Institutions

9700 S. Cass Ave.
Lemont, IL 60439
USA

Summary: Argonne's quantum sensing activities centre on the Center for Nanoscale Materials (CNM) and the Advanced Photon Source (APS — one of the world's most powerful synchrotrons). The Q-NEXT quantum centre (NSF/DOE, led by Argonne) coordinates sensing applications including NV-centre sensing, quantum transduction, and quantum network nodes. The Quantum Sensing and Quantum Materials group develops NV-based magnetometry for materials characterization. The APS provides unique synchrotron-based sensing for structural biology (protein crystallography, SAXS) and quantum materials. Exceptional for quantum sensing applied to materials science and structural biology, with strong connections to UChicago PME for fundamental sensing physics.

Notes: DOE national lab managed by UChicago. Many UChicago faculty hold joint/senior scientist appointments. Strong quantum materials, accelerator, and energy research.

Department(s)/lab(s): Physics / PME | Awschalom Group @ UChicago
Summary:

Pioneer in spintronics and quantum information engineering. Research spans: (1) NV-center spin qubits in diamond for quantum sensing and communication including nanomagnetic imaging; (2) spin defects in SiC and Er-doped hosts for quantum network nodes at telecom wavelengths; (3) molecular and protein-based spin qubits (2025 fluorescent-protein spin qubit, Physics World Top-10); (4) coherent Er spin defects in colloidal nanocrystal hosts (2024, with Alivisatos). Founding Director Chicago Quantum Exchange. Joint Senior Scientist Argonne. Large infrastructure-rich group with strong industry ties (IBM, Intel, Google quantum).

Department(s)/lab(s): A&A / Physics | Benson Group @ UChicago
Summary:

Develops cryogenic detector technology for CMB experiments. Directions: (1) TES bolometer array design and fabrication for SPT-3G and CMB-S4; (2) MKID detector development as alternative to TES for next-generation CMB focal planes; (3) low-noise SQUID multiplexed readout for large-format arrays; (4) SPT-3G science: CMB lensing, cluster SZ, B-mode polarization. Argonne joint appointment.
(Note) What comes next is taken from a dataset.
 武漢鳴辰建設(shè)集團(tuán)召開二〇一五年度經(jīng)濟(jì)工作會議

Department(s)/lab(s): Physics / A&A | Carlstrom Group @ UChicago
Summary:

Experimental cosmologist building and operating CMB telescopes. Directions: (1) South Pole Telescope — PI of SPT series; SPT-3G currently mapping CMB temperature and polarization at arcminute resolution; (2) thermal and kinematic Sunyaev-Zel'dovich effect mapping for galaxy cluster cosmology; (3) CMB gravitational lensing for large-scale structure; (4) CMB-S4 design and planning. Argonne joint appointment. APS and AAAS Fellow.

Department(s)/lab(s): A&A / Physics | Chang Group (Clarence) @ UChicago
Summary:

Develops superconducting detector and readout systems for CMB observations. Directions: (1) SQUID-multiplexed readout architecture for large TES bolometer arrays (SPT-3G, CMB-S4); (2) transition-edge sensor bolometer fabrication and characterization; (3) MKID detector development; (4) CMB-S4 instrument design. Argonne joint appointment. Deep expertise in quantum-limited cryogenic detector readout.
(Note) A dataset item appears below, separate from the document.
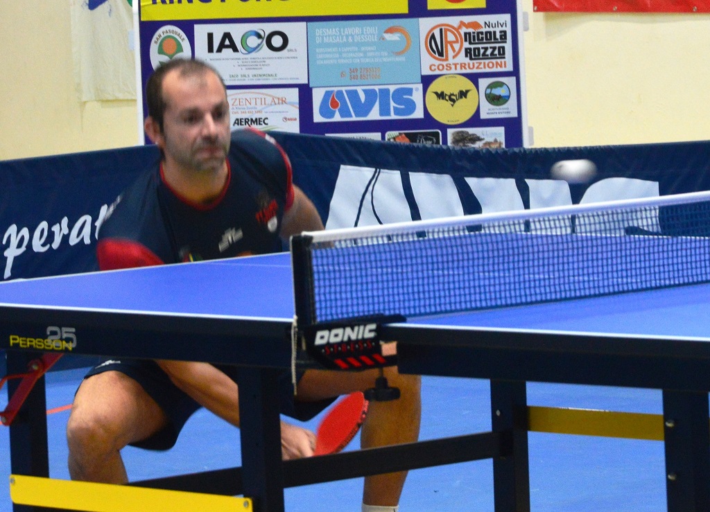 Sorprese anche nel girone D con la capolista Marcozzi Red che cede nello scontro di cartello al Decimomannu che si riporta sotto, ad un solo punto di distacco. Il commento di Paolo Soraggi: “Ai campi di via Crespellani ci presentiamo al completo per incontrare i padroni di casa. La sfida inizia con Esposito-Soraggi, non riesco a contrastare soprattutto i suoi servizi e Riccardo vince per 3-0. Nel secondo incontro Belmonte-Davide Mameli, Michael non ha problemi a portare a casa il risultato. Il match Sirigu-Pinna è più interessante, da una parte Efisio che ancora non aveva metabolizzato maialetto e cannonau e dall’altra Luca che, dopo essersi allenato tutta la settimana contro la puntinata del compagno Antonello Mura, sfodera calma e lucidità e vince per 3-1. Siamo venuti con l’intenzione di dimostrare che, in questo girone, non siamo secondi a nessuno ma ci ritroviamo sotto 2-1. Il quarto incontro, che vede di fronte Esposito-Belmonte, è stato il più avvincente sia sotto il profilo tecnico, sia emotivo; Michael, ascoltando anche i consigli dalla panchina, riesce a vincere al quinto set: bravo! Sul 2-2 entro in campo contro Luca, gioco accorto, attacco con top spin carichi ma non troppo veloci per evitare i suoi blocchi insidiosi e vinco per 3-0. Ultimo incontro: Davide vs Efisio ET Efisio vs maialetto ET alcol-deidrogenasi vs cannonau ET consigli di Salvatore = 4-2 per noi.

Department(s)/lab(s): PME / Chemistry | Galli Group @ UChicago
Summary:

Develops computational methods (DFT + many-body perturbation theory, quantum embedding) to predict properties of spin defects for quantum sensing and computing. Directions: (1) first-principles prediction of coherence properties, zero-phonon lines, and spin-photon coupling for NV, SiC divacancy, Er, and other color center platforms; (2) high-throughput screening of novel spin defect candidates in 2D materials and oxides; (3) quantum embedding methods for strongly correlated defects. Director MICCoM; NAS member; Argonne senior scientist.

Department(s)/lab(s): Physics | Grandi Lab @ UChicago
Summary:

Experimental astroparticle physicist searching for dark matter with noble liquid detectors. Directions: (1) DarkSide-20k — liquid argon TPC at INFN Gran Sasso targeting WIMP dark matter with 20-tonne active volume; (2) development of cryogenic SiPM photon detection for LAr detectors; (3) low-background detector techniques and radon mitigation; (4) argon purification and light yield optimization. Argonne joint appointment.
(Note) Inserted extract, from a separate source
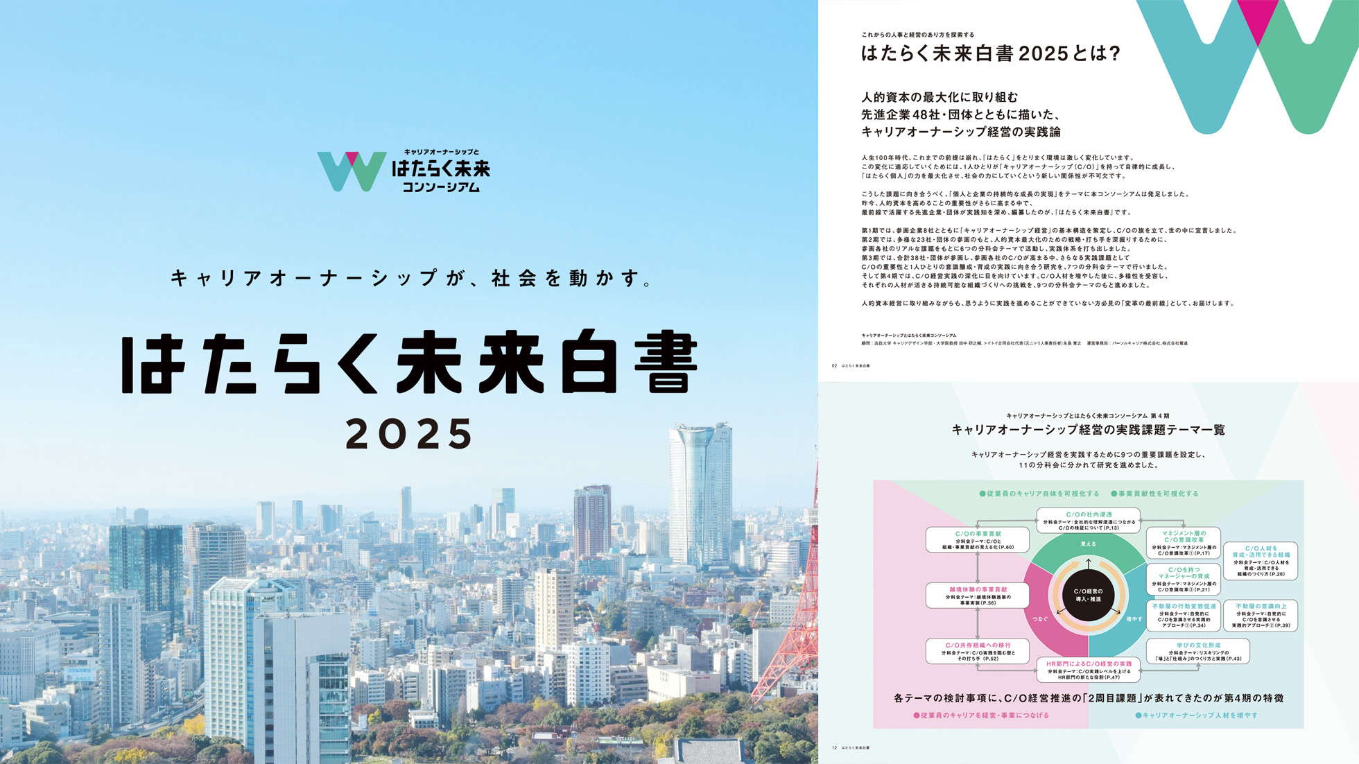 「キャリアオーナーシップとはたらく未来コンソーシアム(第4期、48社・団体)」が、2024年度におよそ一年間かけて行った研究会活動の成果をまとめた「はたらく未来白書2025」を公開しました。

Department(s)/lab(s): Physics and Astronomy | Jacobsen Research Group (X-ray Microscopy) @ Northwestern
Summary:

Prof. Jacobsen's group develops novel methods, instruments, and analysis approaches for X-ray nanoscale imaging and applies them to biology and environmental science, using the Advanced Photon Source (APS) at Argonne. Directions: (1) Scanning X-ray fluorescence microscopy (SXFM) for organ-wide and nanoscale elemental mapping of metals (zinc, copper, iron) in biological tissues — central to the NIH-funded QE-Map national resource; imaging how metals regulate cellular functions, synaptic zinc signaling, and neurodegenerative disease; (2) X-ray ptychography and coherent diffractive imaging (CDI) for nanoscale biological imaging beyond the diffraction limit with improved dose efficiency; (3) Development of new algorithms, optics (zone plates), and detector systems to push spatial resolution and dose efficiency in X-ray microscopy — including lensless imaging methods and compressed-sensing reconstruction. Joint appointment at Argonne National Laboratory (Argonne Distinguished Fellow); also involved in QE-Map resource with Kozorovitskiy and Hao Zhang (McCormick).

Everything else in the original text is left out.